А женщина жалобно собрала губы в тугой комочек, и глаза ее часто-часто заморгали.
— Я так понимаю, Саша… вы очень близкий человек Наталье Арсеньевне, поэтому секреты ни чему… Дело в том…
Права была простодушная Мотя, насторожившись, учуяв какой-то подвох в добровольной разлуке Наташи Беловольской с ее мужем. Видимо, в этом месте, на изнанке ковра, завязан был огромный уродливый узел. И нити переплетенных судеб Наташи и Александра Беловольских были разорваны, а потом по никому не ведомой прихоти собраны вновь, связаны в узел. Но не было видно на прекрасной лицевой стороне ковра этого препятствия.
Быть может, неведение — грех и подлежит жестокой и беспощадной каре?! Пусть так. Но пусть тому, чье неведение однажды взорвется немилосердным прозрением, будет отпущено долгое время жизни, чтобы зарубцевались раны от свершенного предательства, чтобы нашлись жизненные силы преодолеть беду…
Но это была последняя весна Натальи Арсеньевны. Не предначертано ей было судьбой оправиться от соболезнующих откровений бывшей ученицы.
«Нельзя хамить старшим, доченька», — с детства выслушивала я наставления родителей. И тогда, на троллейбусной остановке, слушая, как пытается оправдаться женщина с белесыми глазами, я сдерживалась изо всех сил.
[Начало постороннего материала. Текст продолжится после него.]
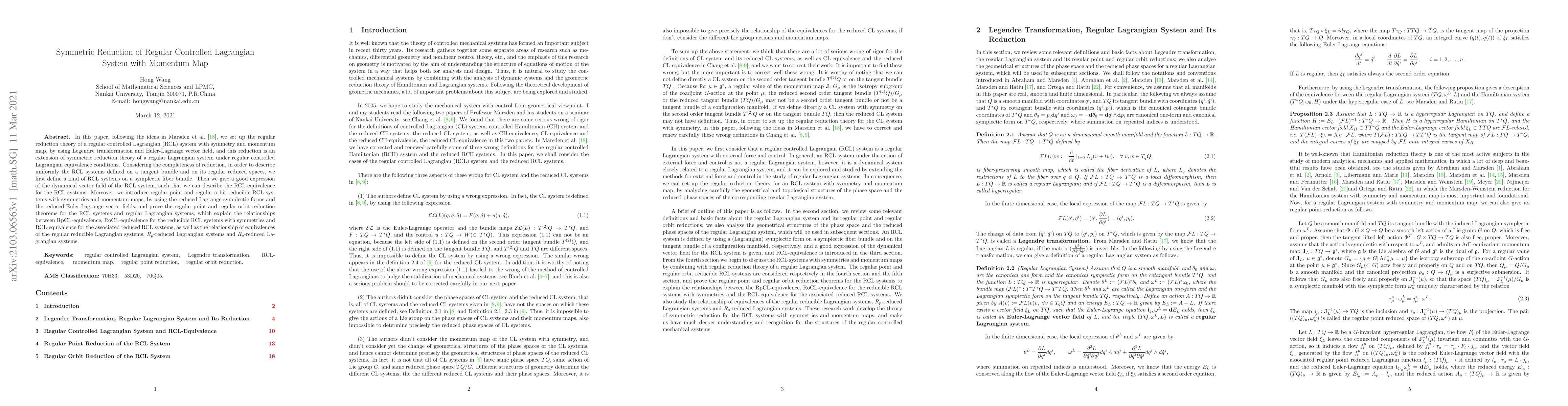 In this paper, following the ideas in Marsden et al.[18], we set up the regular reduction theory of a regular controlled Lagrangian (RCL) system with symmetry and momentum map, by using Legendre transformation and Euler-Lagrange vector field, and this reduction is an extension of symmetric reduction theory of a regular Lagrangian system under regular controlled Lagrangian equivalence conditions. Considering the completeness of reduction, in order to describe uniformly the RCL systems defined on a tangent bundle and on its regular reduced spaces, we first define a kind of RCL systems on a symplectic fiber bundle. Then we give a good expression of the dynamical vector field of the RCL system, such that we can describe the RCL-equivalence for the RCL systems. Moreover, we introduce regular point and regular orbit reducible RCL systems with symmetries and momentum maps, by using the reduced Lagrange symplectic forms and the reduced Euler-Lagrange vector fields, and prove the regular point and regular orbit reduction theorems for the RCL systems and regular Lagrangian systems, which explain the relationships between RpCL-equivalence, RoCL-equivalence for the reducible RCL systems with symmetries and RCL-equivalence for the associated reduced RCL systems, as well as the relationship of equivalences of the regular reducible Lagrangian systems, $R_p$-reduced Lagrangian systems and $R_o$-reduced Lagrangian systems.

— И что же, эта самая родственница Натальи Арсеньевны, она где? Жива? — стиснув зубы, спросила я.
Бегающие глазки застыли.
— Да, да, конечно. Она ведь младше Натальи Арсеньевны. Когда та уехала учиться в Ленинград, то есть в Петроград по-тогдашнему, Сонечке было шестнадцать только. Вот с тех пор и до самой своей смерти Александр Людвигович был… связан с ней. И сын у нее родился, его сын, он тоже учился у Натальи Арсеньевны. Да знаете вы его. Он известный журналист. Евгений Симаков. Слышали?
Я растерянно кивнула головой. Может быть, и слышала. А может, и не слышала. Какое имело это значение?
Имело значение только одно: среди благоухающего уже по-весеннему парка, вдыхая воздух, переполненный обещаниями скорого чуда, сидела старушка с покорными глазами, сданная в богадельню, словно ручная кладь, и ощущала, как медленно вливает в нее смерть свой холод.
А над ней было безмятежное небо, не треснувшее гневно пополам от увиденного, щебетали и перекликались вокруг птицы, не онемевшие от свершившегося, рядом жили счастливые от предчувствия весны люди.
«Находясь в здравом уме и твердой памяти, я лишаю себя жизни до того, как неумолимая старость постепенно лишит меня физических и духовных сил, парализует энергию, разобьет волю и превратит в тяжкий груз для себя самого и для других».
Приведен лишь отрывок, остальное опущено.